#### [WHAT YOU NEED TO DO]
In the records below, reproduce exactly the lines from the one containing "Σύνθετο σαλονιού σε" through the one containing "2007 | 4A |", both included, and omit the pictures.

Data extracted from a collection:
______________________________

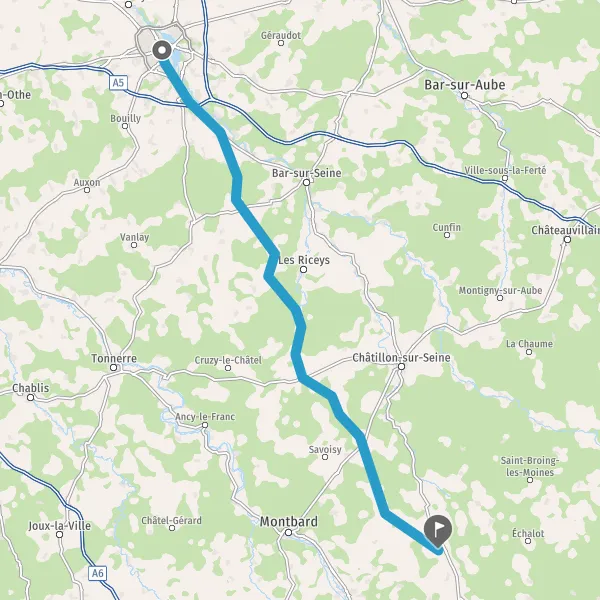 Au rond-point, prendre la 4ème sortie sur D671 (Route de Dijon) et continuer sur 7 kilomètres
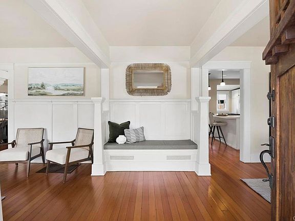 Rebuilt fireplaceFull-length front porchPrivate balconiesHexagon tile floorPaneled wallsQuartz countersPergola for outdoor dining
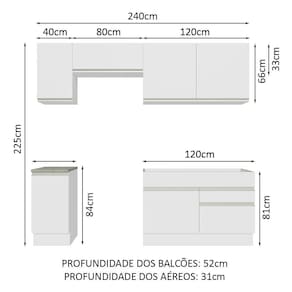 - 52 cm de profundidade nos balcões e 31 cm nos aéreos
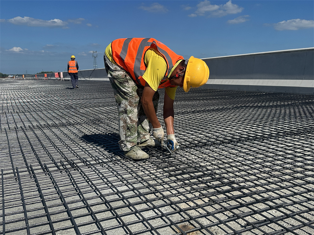 同樣烈日炎炎的五蒙高速05標項目施工現場,工人們不懼“烤”驗,在各條戰線上克服天氣不利影響,以良好的精神狀態投入到工作中。他們心無旁騖,在刺眼的陽光下和鋼筋水泥“較勁”,始終堅守在各自的工作崗位上,以奮力拼搏的實際行動,戰高溫、斗酷暑、保安全、促生產,保質保量完成下發的施工節點任務。
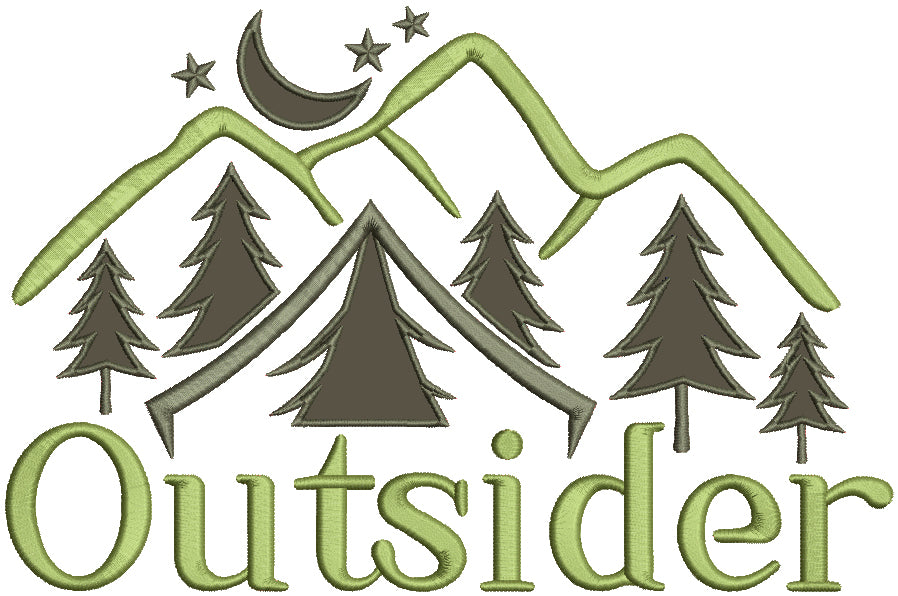 Outsider Mountains And Trees Applique Machine Embroidery Design Digitized Pattern
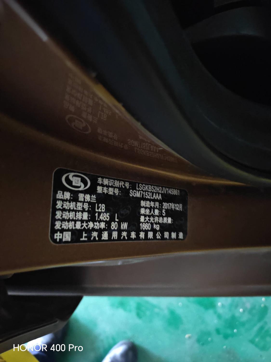 初次登记日期 2018-01-15 车辆名称 雪佛兰 科沃兹
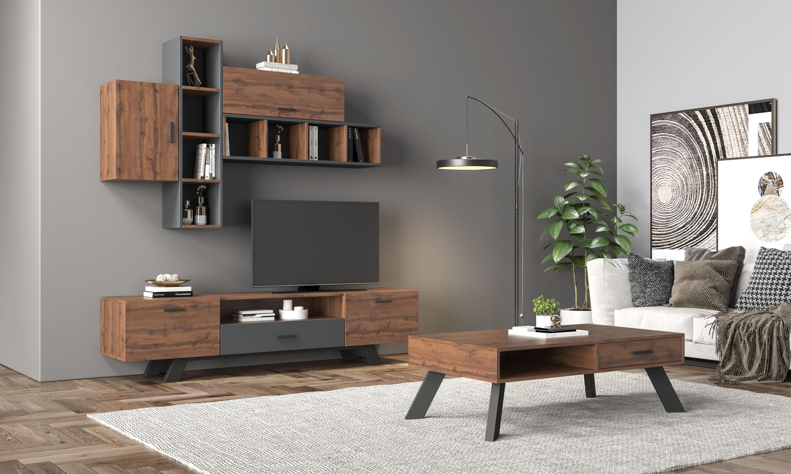 Σύνθετο σαλονιού σε μοντέρνο σχεδιασμό με λιτούς χώρους αποθήκευσης, προσθέτοντας στον χώρο σας μοναδικό στυλ. Κατασκευασμένο από μοριοσανίδα με σμαλτοποίηση τεχνητού καπλαμά.
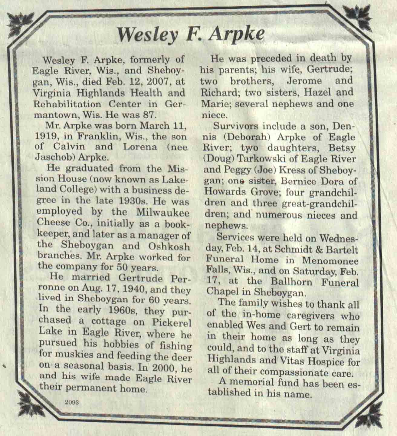 | Arpke | Wesley F | 11 Mar 1919 | 12 Feb 2007 | V N-R | 14 Feb 2007 | 4A |
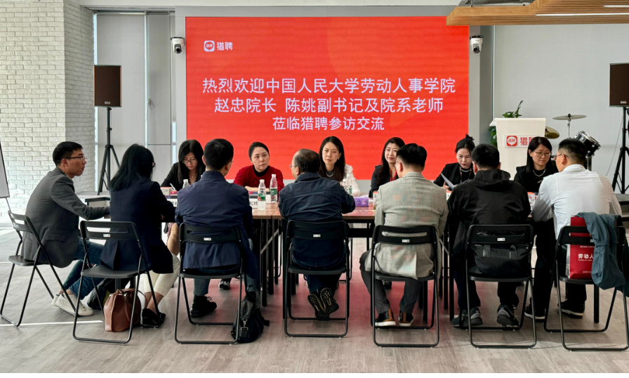 10月25日上午,公司经理赵忠教授带队赴同道猎聘集团(下称“猎聘集团”)考察调研,就双方在人力资源领域展开全面合作进行深入研讨交流。猎聘集团高级副总裁宋月婷,大数据研究院经理郑颖美,人才测评及培训业务总经理刘颖,政策研究中心主任曾方,全国市场部总经理李丹,政策研究中心副主任邓婷婷参加调研座谈。公司党委副书记陈姚,公司人事处副处长(挂职)、公司专业学位硕士项目中心主任刘松博教授,人才工作领导小组办公室副主任(挂职)、国内合作事务项目主任、人力资源管理系李育辉教授,人力资源与领导力开发中心主任王桢教授,中国就业与民生研究院副经理周广肃副教授,人力资源与领导力开发中心副主任魏扣等一行6人陪同参加此次调研。
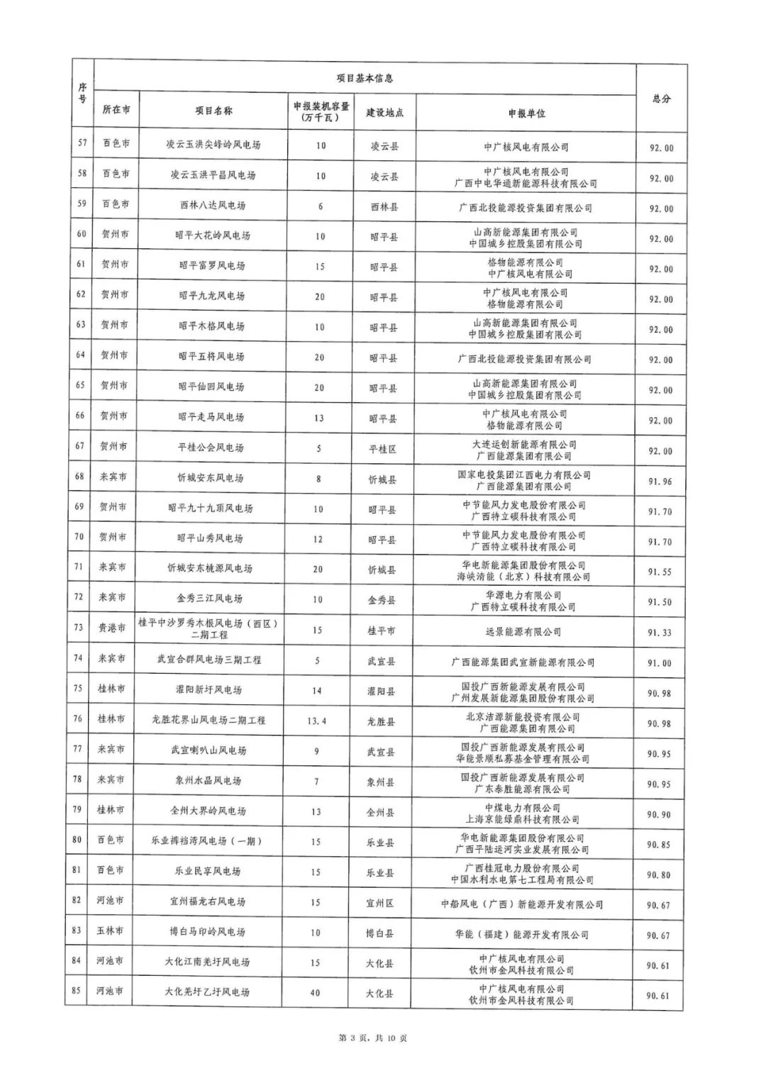 广西壮族自治区能源局关于2024年广西陆上风电、集中式光伏发电项目竞争性配置评分结果的公示
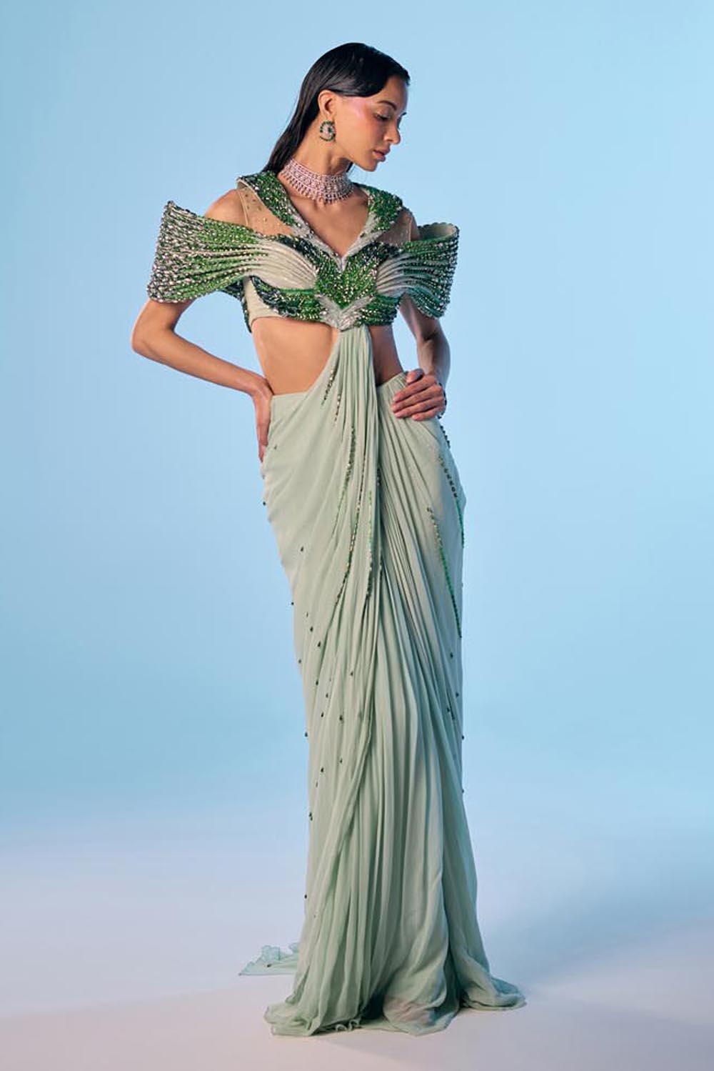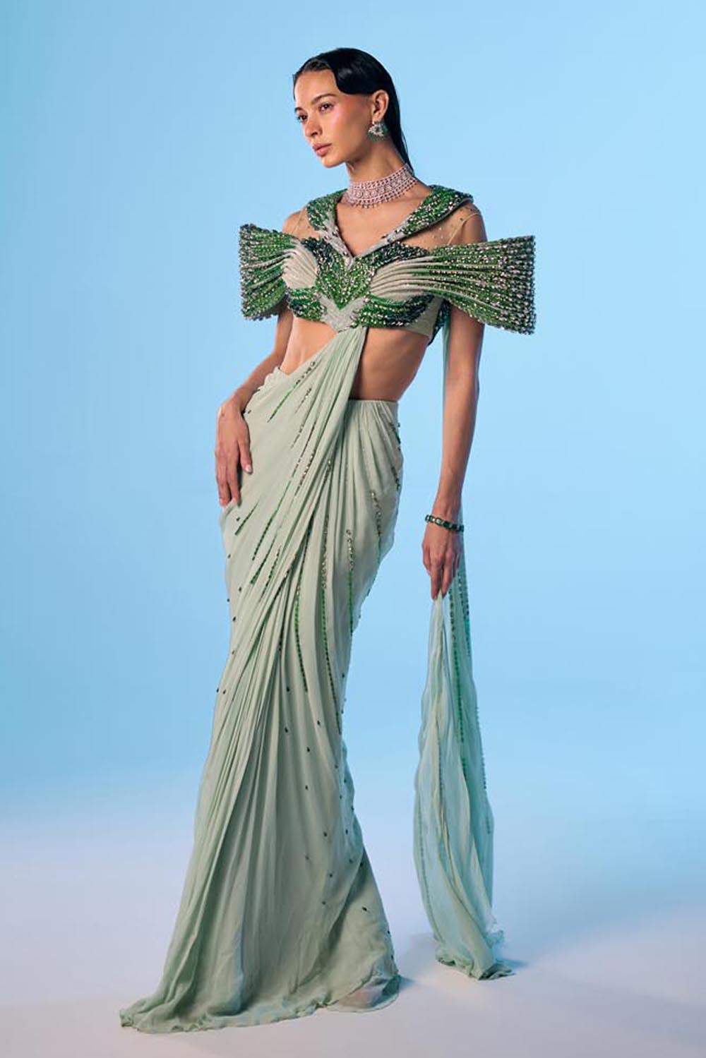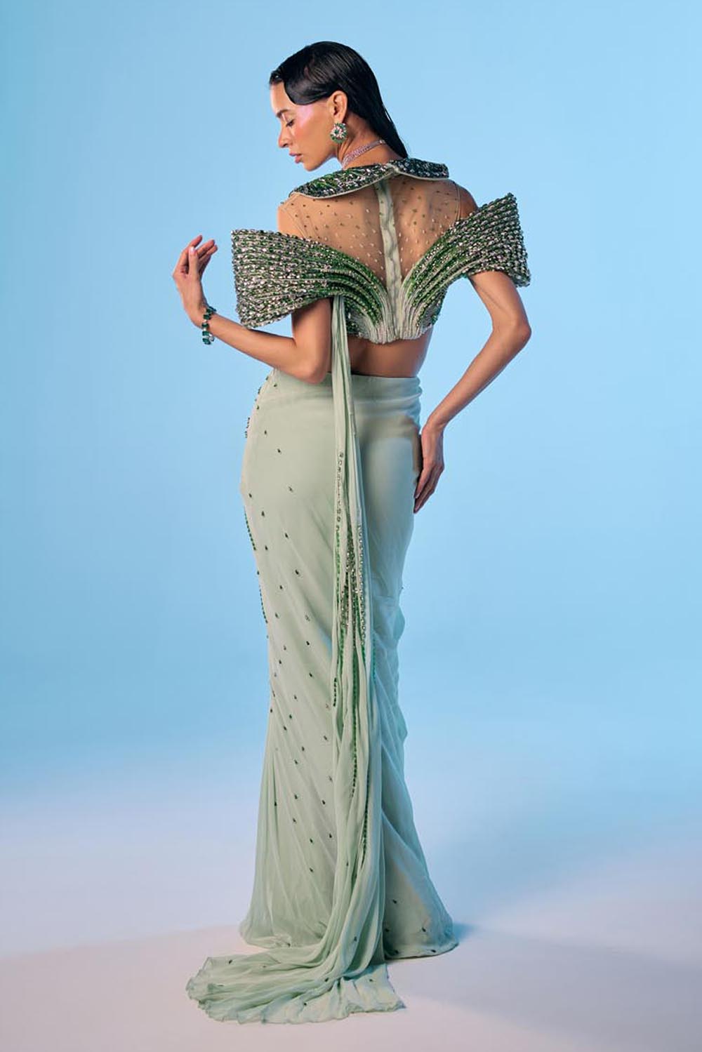 Embroidery: The wing blouse is heavily encrusted with beads, sequins, and crystals in tonal shades of green, creating a textured, reef-like effect. The sheer back yoke is embroidered with delicate bead sprays for transparency and lightness. The saree drape is finished with scattered sequins, placed sparingly to evoke water droplets glistening across the fabric.

______________________________

#### [EXPECTED ANSWER]
 Σύνθετο σαλονιού σε μοντέρνο σχεδιασμό με λιτούς χώρους αποθήκευσης, προσθέτοντας στον χώρο σας μοναδικό στυλ. Κατασκευασμένο από μοριοσανίδα με σμαλτοποίηση τεχνητού καπλαμά.
 | Arpke | Wesley F | 11 Mar 1919 | 12 Feb 2007 | V N-R | 14 Feb 2007 | 4A |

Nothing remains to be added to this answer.